3. **Hope** your regex didn’t blow away the Methods section you actually need.
That wall steals hours from **RAG pipelines, knowledge-graph builds, LLM fine-tuning-any downstream AI task**.
**PMCGrab knocks it down.** Feed the tool a list of PMC IDs and get back clean, section-aware JSON you can drop straight into a vector DB or LLM prompt.
---
## The Hidden Cost of “I’ll Just Parse It Myself”

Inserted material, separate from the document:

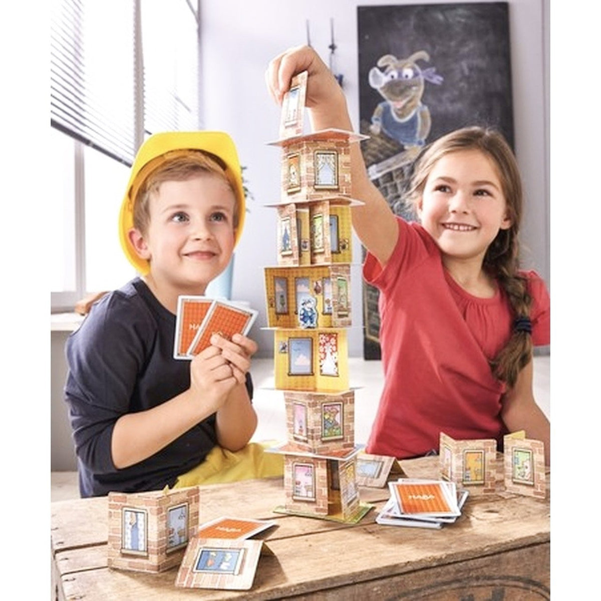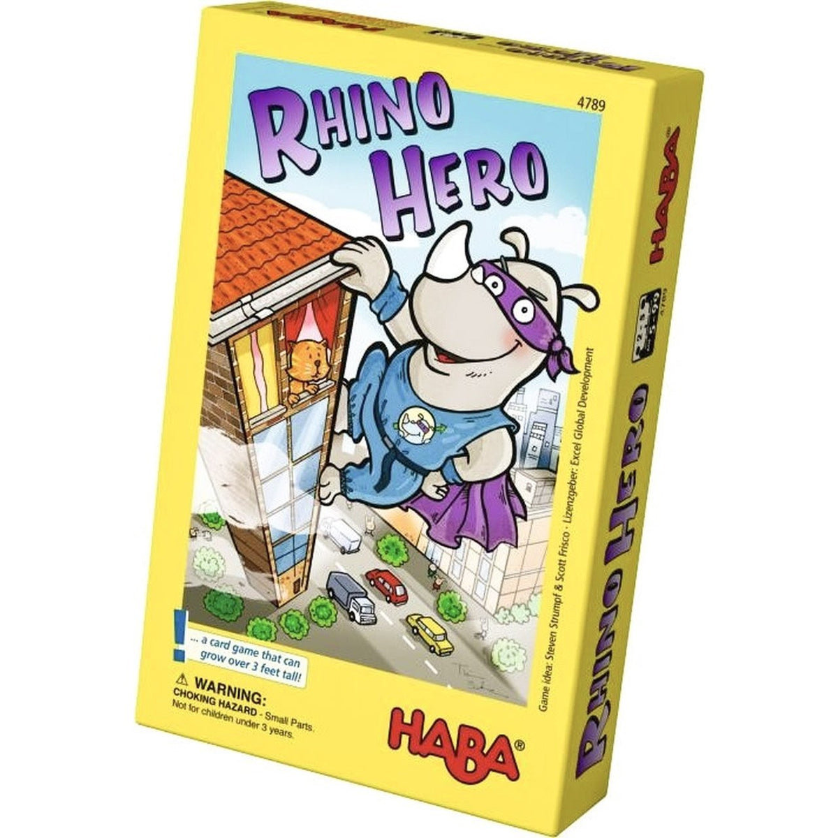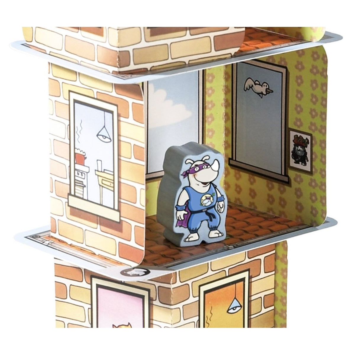 Rhino Hero is out and about climbing the wall again! The super hero fearlessly scales the highest houses looking for burglars and rogues. He's strong! He's smart! But, he's also a rhino, so he's quite heavy causing even the sturdiest of towers to wobble.

| Task | Manual / ad-hoc | **PMCGrab** |
| --------------------------- | ----------------------- | ------------------------------ |
| Install dependencies | 5–10 min | **≈ 2 s** (`uv add pmcgrab`) |
| Convert one article to JSON | 15–30 min | **≈ 3 s** |
| Capture every IMRaD section | Hope & regex | **98 % detection accuracy\*** |
| Parallel processing | Bash loops & temp files | `--workers N` flag |
| Edge-case maintenance | Yours forever | **200 + tests**, active upkeep |
**_Evaluated on 7,500 PMC papers used in a disease-specific knowledge-graph pipeline._**
At \$50 /hour, hand-parsing 100 papers burns **\$1,000+**.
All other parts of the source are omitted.